• TASK INPUTS:
============

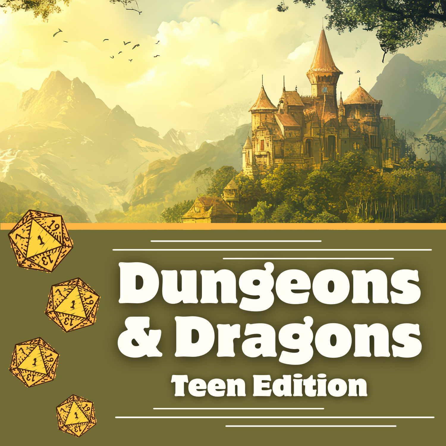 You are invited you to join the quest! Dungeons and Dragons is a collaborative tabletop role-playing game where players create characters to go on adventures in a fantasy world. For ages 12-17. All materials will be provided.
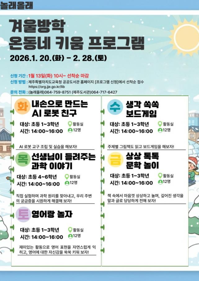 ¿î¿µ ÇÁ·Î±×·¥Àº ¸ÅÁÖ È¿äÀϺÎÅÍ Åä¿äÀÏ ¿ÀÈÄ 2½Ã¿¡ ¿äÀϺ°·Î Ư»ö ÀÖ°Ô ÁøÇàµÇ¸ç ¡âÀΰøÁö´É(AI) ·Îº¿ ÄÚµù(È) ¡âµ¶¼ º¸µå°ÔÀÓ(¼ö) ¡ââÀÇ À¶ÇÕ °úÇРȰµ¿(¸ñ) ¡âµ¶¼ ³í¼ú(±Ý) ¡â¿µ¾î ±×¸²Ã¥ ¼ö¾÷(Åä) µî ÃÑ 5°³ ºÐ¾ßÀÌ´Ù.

============

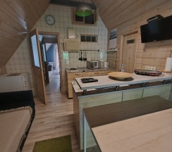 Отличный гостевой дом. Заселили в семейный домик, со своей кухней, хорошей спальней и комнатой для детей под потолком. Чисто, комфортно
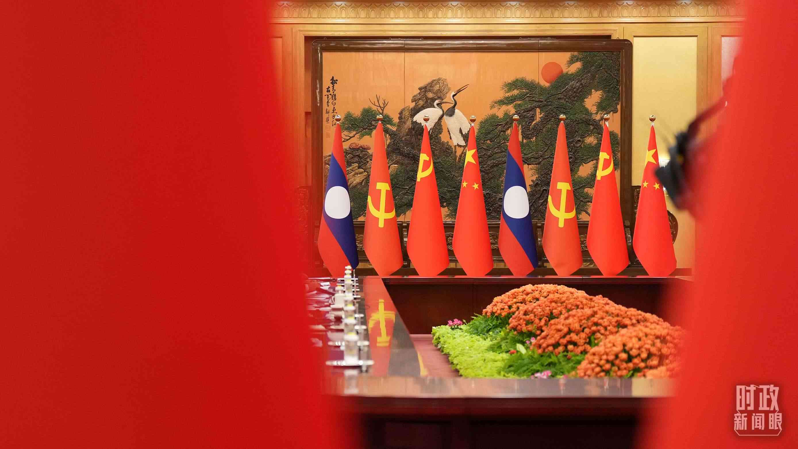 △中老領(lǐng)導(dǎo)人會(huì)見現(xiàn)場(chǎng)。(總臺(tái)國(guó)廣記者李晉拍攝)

============

• EXERCISE:
In the listing above, find the line with "You are invited" and the line with "ÃÑ 5°³ ºÐ¾ßÀÌ´Ù.". Set down both and every line between them, minus the pictures.

• WRITTEN ANSWER:
 You are invited you to join the quest! Dungeons and Dragons is a collaborative tabletop role-playing game where players create characters to go on adventures in a fantasy world. For ages 12-17. All materials will be provided.
 ¿î¿µ ÇÁ·Î±×·¥Àº ¸ÅÁÖ È¿äÀϺÎÅÍ Åä¿äÀÏ ¿ÀÈÄ 2½Ã¿¡ ¿äÀϺ°·Î Ư»ö ÀÖ°Ô ÁøÇàµÇ¸ç ¡âÀΰøÁö´É(AI) ·Îº¿ ÄÚµù(È) ¡âµ¶¼ º¸µå°ÔÀÓ(¼ö) ¡ââÀÇ À¶ÇÕ °úÇРȰµ¿(¸ñ) ¡âµ¶¼ ³í¼ú(±Ý) ¡â¿µ¾î ±×¸²Ã¥ ¼ö¾÷(Åä) µî ÃÑ 5°³ ºÐ¾ßÀÌ´Ù.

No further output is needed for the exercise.